Part of Malcolm X’s message was that it was better to have no name than a false one. For him every black person with a name handed down by a slave master was a so-called someone, allegedly who they said they were, but in his words still a slave. The beauty of not knowing your true name is that you exist in part as a myth, no one can speak anything shady over your life because they can never quite locate you in language. On the hand, no one can speak great honor over your life because they can never quite locate you in language. The X is like a new, self-instantiated location reinstating autonomy and making you available for honor and glory. Mingus comes in and says if you call yourself or your music (your sound) by the wrong name, nothing comes. Names under capitalism are often brands, rituals of opportunistic calling ironed into the skin by consumers and marketing teams, the new owners and overseers. To take off a name is like shedding a coiled, long-held scar. At first you feel for where it was and almost miss it, but eventually you behave as if it never existed and memory of its obstruction is blurry and jarring. I think we all have some fear of losing scars, names, real or imposed, and tones, true or contrived— the kind of fear that is really deflected hope. We all resent the theft of potential that is calling something or ourselves by the wrong name or title, so pretend we never have and turn identity into a series of losses and missing pieces we spend our lives trying to integrate. We pretend who don’t behave exactly as the names and titles we allow into our lives and psyches dictate.

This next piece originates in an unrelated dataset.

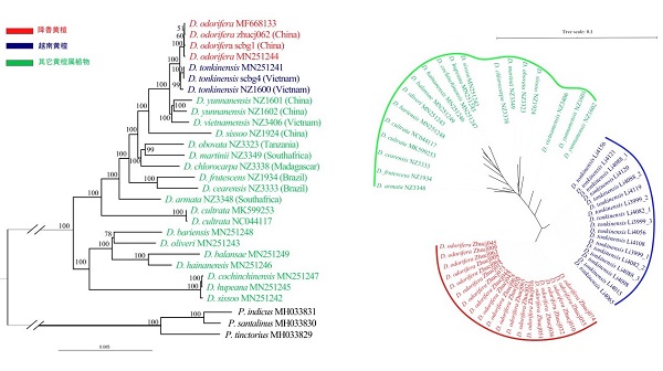 两个结果都表明降香黄檀和越南黄檀不同来源的样品聚成各自独立的分支且互为姐妹关系,代表着两个平行的进化谱系。

Sun Ra chimes in with lines from a poem of his: death speaks to negro: you are my servants, you are my servants in my name. Nina Simone joins I told jesus it would be alright if he changed my name. If Malcolm and Mingus didn’t offer incentive enough to give jazz and the negro away like haunted belongings while holding onto ourselves and our music, Sun Ra makes it irresistible and Nina Simone makes it holy. Think of Prince from this perspective, changing his name to escape a predatory recording contract, but branding himself with slave written across his cheek like a network of X’s, as he left his government name to them— it would be alright. Think of how many rappers whose government names you’ve never heard and how calling them would change the whole vibration of their music, hold them captive outside of its sound. Mechanized terminology is exhausting these days. Meaningful words and names are being made into clowns and jesters one by one until all we’ll have left is speechlessness, negroes, and jazz. A moment of silence for the so-called revolution that might come once we stop calling it by its slave name. A moment of reverence for Malcolm X and Charles Mingus, two men born under the sign of taurus, great orators by nature, who understood that the so-called truth was just a well-guarded rumor at the heart of black music, begging us to give it no name.